When communicating with supporters, recognize that they’ll be very willing to listen to you, so you may have to coax them to talk.  Be patient in allowing them to express their ideas and opinions.  For important decisions, allow them the opportunity to “sleep on it”, as they’ll be more comfortable with the outcome if they have time to decide.

Style examples if someone has moved the office furniture over the weekend:

·         Supporters will say, “Gee, I was just getting used to it the way it was!”

·         Directers will say, “Great, it should have been done weeks ago!”

·         Interacters will not notice the furniture has been moved, because they are so busy interacting with people.

·         Calculaters will not say anything at first, but later will ask:  “Why did they move it, and who authorized the move?”

Remember that there is no right or wrong way to react, people are just different!

Communicating Effectively with Calculaters

When dealing with a calculating style person, be prepared to answer their questions in a patient and persistent manner.  If you disagree, make sure to disagree with the facts, not the person.  Give them permission to make changes based on their standards.  Remember that calculaters can be cautious and sensitive.  They tend to ask probing questions and like to plan ahead.

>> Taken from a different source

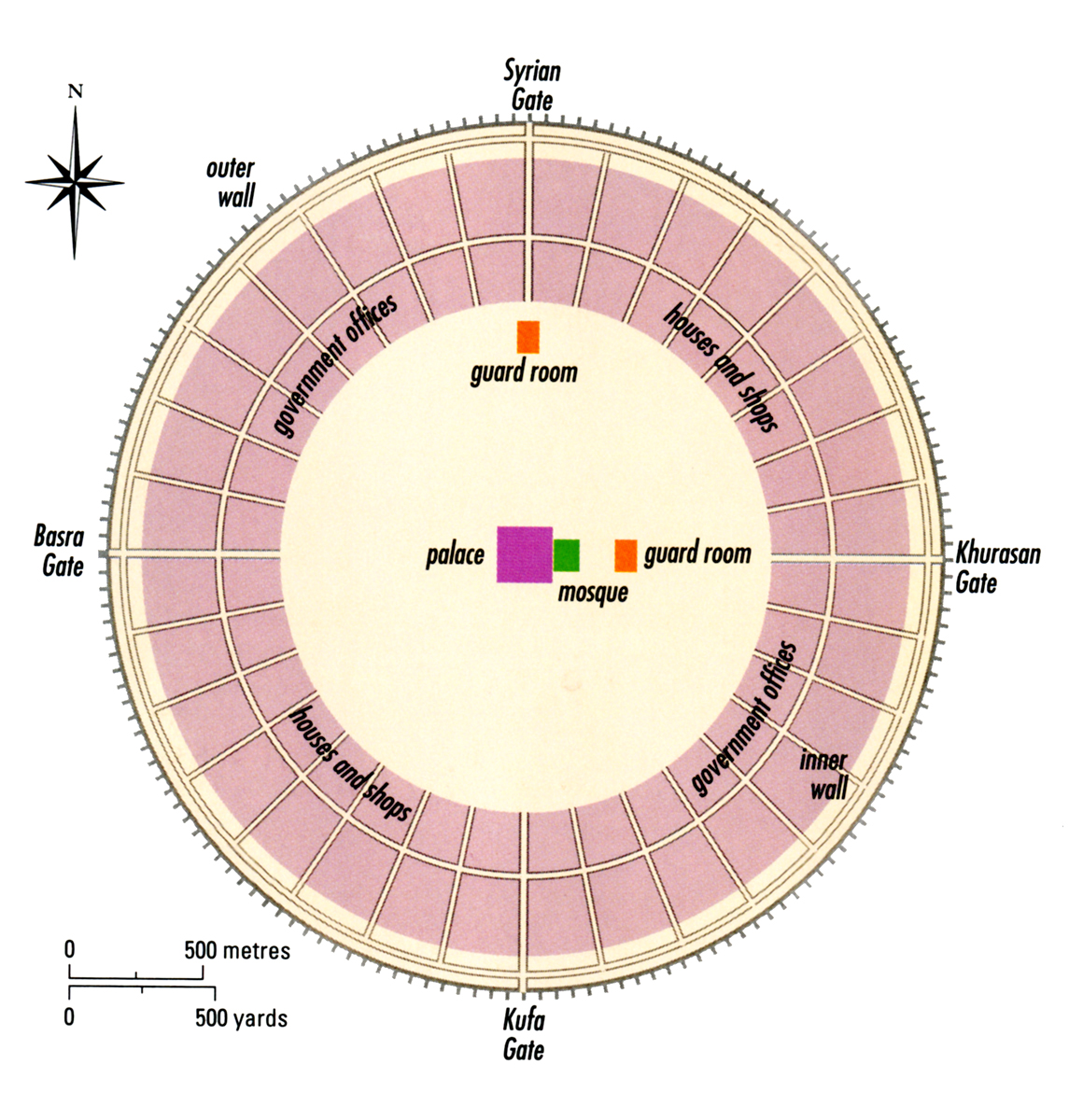Baghdad was intended as a replacement for a couple of much older cities. It replaced the old Sasanian capital, Ctesiphon, which was founded in the second century BCE and was only about 20 miles southeast of Baghdad, as the major city of the “Persian” part of the Caliphate (the site was also close to the more ancient city of Babylon), and it replaced Damascus, which has been an important city since the second millennium BCE and has had people living on its site at least as far back as the 6000s BCE, as the Caliphal capital. It was meant to symbolize a break with the Umayyad dynasty as well as a way to move the empire’s center of power closer to the Abbasids’ base of support in eastern Iran, without moving it so far east that it might become impossible to control Syria and Egypt. Al-Mansur situated his new capital at a spot where the Tigris and Euphrates flow close together, which put it in a great position for trade and communication. It was built as a circular city, in keeping with earlier Sasanian models, with rings of housing and commercial spaces inside the wall, surrounding a central area that contained the palace, the city’s communal mosque, and quarters for soldiers.

To communicate more effectively with them, be factual and objective.  Try to share as much information as possible – they like to be “in the know”.  Be more formal and precise, as this will appeal to their style.

Style examples when putting together a new bicycle:

·         Calculaters would first carefully check that all the parts are there, read through all the instructions, and then put the bike together according to the instructions.

·         Directers would just start putting the bike together, even though they may end up with a few extra parts.

·         Interacters would have some friends over for a party, and find some supporters and calculaters to assemble the bike for them.

·         Supporters would begin with the first instruction, follow it to completion, and then go on with each succeeding instruction.

Remember that there is no good or bad style, each is just unique!

After discovering your communication style, strengths and limitations, maximize your new self-understanding by following these guidelines:

1.      Honor and celebrate your strengths!  Put yourself in situations where you can often use your strengths – both in work and social settings.

2.      Minimize your limitations.  Continue to look for ways to develop yourself in the areas you are weakest in, but more often avoid putting yourself into situations where your strengths cannot be used.

3.      Surround yourself with others whose strengths complement yours.

4.       Create a team of people who can each utilize their natural strengths and therefore get the job done.  The most effective communication teams will include the strengths of each style – Directers, Interacters, Supporters, and Calculaters.